SSIS Job Monitoring and Reporting - ssis

Our shop relies heavily on SSIS to run our back end processes and database tasks. Overall, we have hundreds of jobs, and for the most part, everything runs efficiently and smoothly.
Most of the time, we have a job failure due to an external dependency failing (data not available, files not delivered, etc). Right now, our process is set up to email us every time a job fails. SSIS will generate an email sending us the name of the job and the step it failed on.
I'm looking at creating a dashboard of sorts to monitor this process more efficiently. I know that the same information available in the Job History window from SSIS is also available by querying the msdb database. I want to set up a central location to report failures (probably using SQL Reporting Services), and also a more intelligent email alert system.
Has anyone else dealt with this issue? If so, what kind of processes/reporting did you create around the SSIS procedures to streamline notification of job failures or alerts?

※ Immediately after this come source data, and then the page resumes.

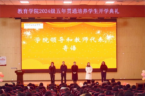 2月22日下午,教育学院在创意楼B401会议室组织举办了2024级五年贯通培养新生开学典礼。典礼上,教育学院党总支书记薛红燕详细介绍了米兰网页版概况与教育学院的专业特色、师资力量、学生工作等情况,希望新生们拥有坚韧的精神,勇敢面对挑战;培养团队意识,创造更大价值;学会知行合一,树立勤恳立学的修为典范;以德润身,提升个人综合素质。在品格塑造、素质提升与能力培养的有机融合中,争作可堪大任的时代新人。学前教育教研室教师李静从要热爱所学专业、加强自主学习、明确学习目标等方面,为学生送上了学习和生活指南。平度市职业教育中心米兰网页版班主任綦辛表示会尽自己所能,陪伴新生们茁壮成长,为他们提供学习上的指导和帮助,解答他们的疑惑;关心他们的身心健康,做他们的知心朋友,与新生们一起度过充实而美好的大学时光。在校生代表匡彦宸结合自己在校的学习、专业技能备赛和社会实践等经历,与新生们分享了心得体会。新生代表张昊韵表达了将珍惜在校学习生活的美好时光,向优秀榜样学习的决心。教育学院班子成员和教师代表对新生们进行了深情寄语与祝福。
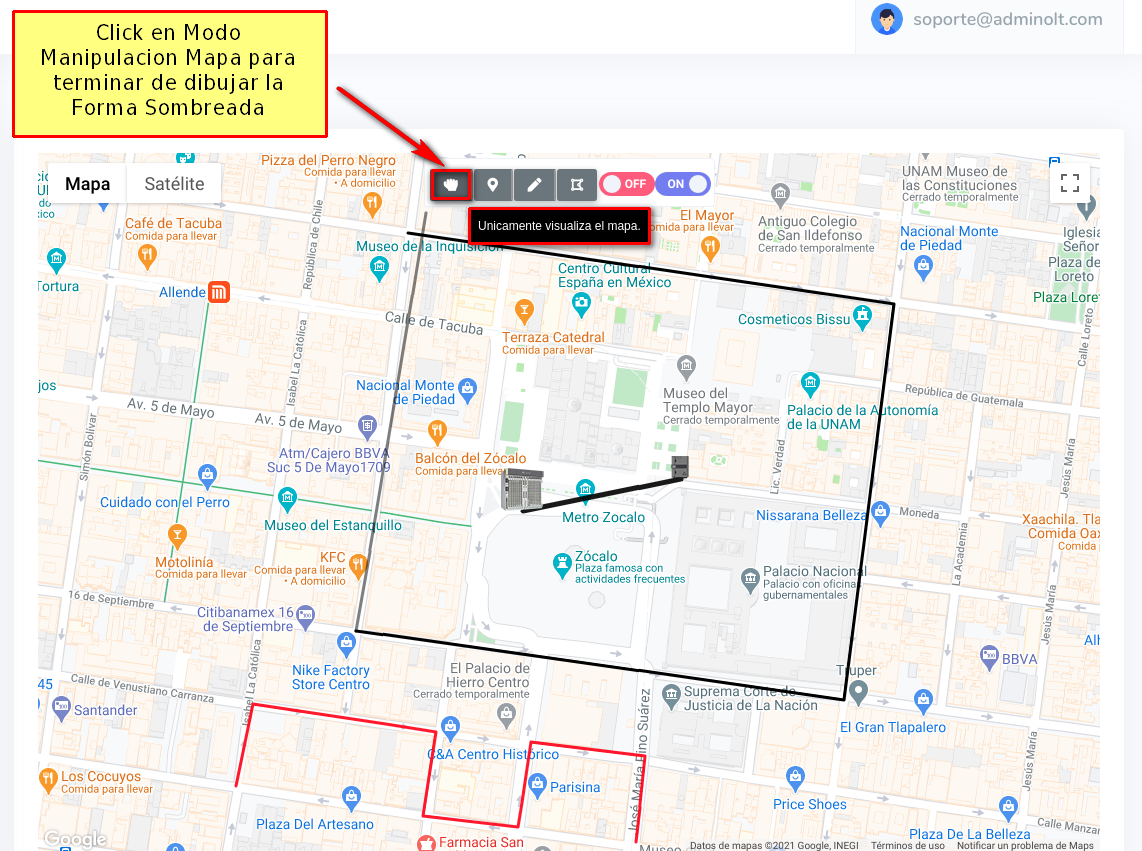 Una vez haya dibujado la Geozona que desea, para terminar de dibujar debemos dar click en la opción de Manipular Mapa.
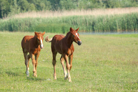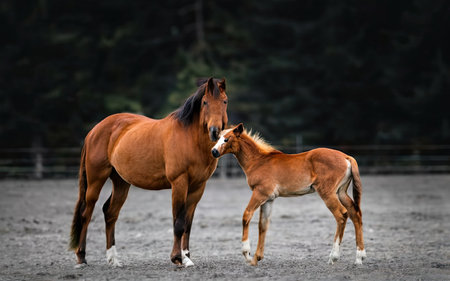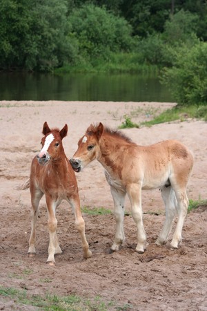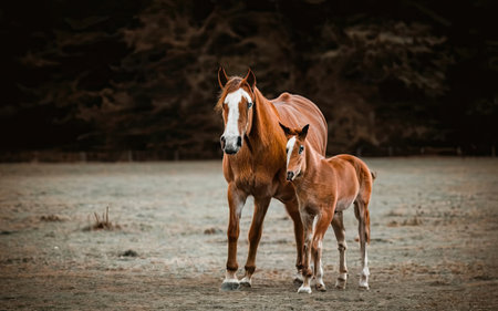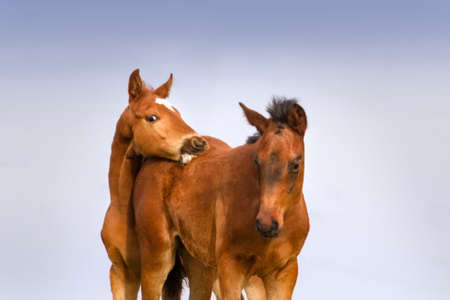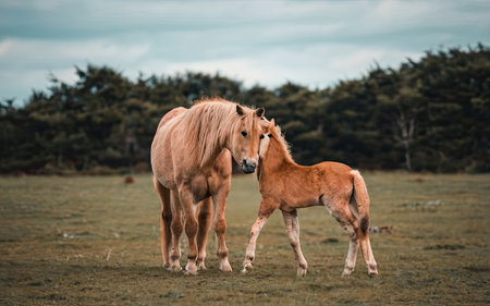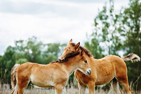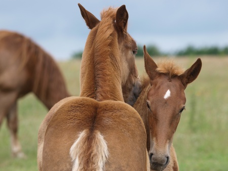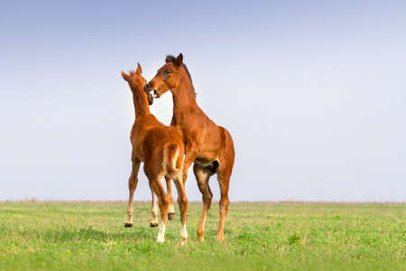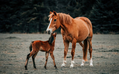 Red foal sporting breed with a mare. Small horse. Foal with an asterisk on a forehead.

We have a similar setup at our company. We primarily rely on letting the jobs notify us when there is a problem and we have employees who check job statuses at specific times to ensure that everything is working properly and nothing was overlooked.
My team receives a SQL Server Agent Job Activity Report HTML email every morning at 6am and 4pm that lists all failed jobs at the top, running jobs below that, and all other jobs below that grouped into daily, weekly, monthly, quarterly, and other categories. We essentially monitor SQL Server Agent jobs, not the SSIS packages themselves. We rely on job categories and job schedule naming conventions to automate grouping in the report.
We have a similar setup for monitoring our SSRS subscriptions. However, we only monitor this one once a day since most of our subscriptions are triggered around 3am-4am in the morning. The SSRS Subscription Activity Report goes one step further than the SQL Server Agent Job Activity Report in that it has links to the subscription screen for the report and has more exception handling built into it.
Aside from relying on reports, we also have a few jobs that are set to notify the operator via email upon job completion instead of upon job failure. This makes it easy to quickly check if all the major ETL processes have run successfully. It's sort of an early indicator of the health of the system. If we haven't received this email by the time the first team member gets into the office, then we know something is wrong. We also have a series of jobs that will fail with a job error if certain data sources haven't been loaded by a specific time. Before I had someone working an early shift, I use to check my iPhone for the email anytime I woke up in the middle of the night (which happened a lot back then since I had a newborn baby). On the rare occasion that I didn't receive an email indicating everything completed or I received an error regarding a job step, then I logged onto my machine via remote desktop to check the status of the jobs.
I considered having our data center guys check on the status of the servers by running a report each morning around 4am, but in the end I determined this wouldn't be necessary since we have a person who starts work at 6am. The main concern I had about implementing this process is that our ETL changes over time and it would have been necessary for me to maintain documentation on how to check the jobs properly and how to escalate the notifications to my team when a problem was detected. I would be willing to do this if the processes had to run in the middle of the night. However, our ETL runs every hour of the day, so if we had to kick off all our major ETL processes in the early morning, we would still complete loading our data warehouse and publishing reports before anyone made it into the office. Also, our office starts REALLY late for some reason, so people don't normally run our reports interactively until 9am onward.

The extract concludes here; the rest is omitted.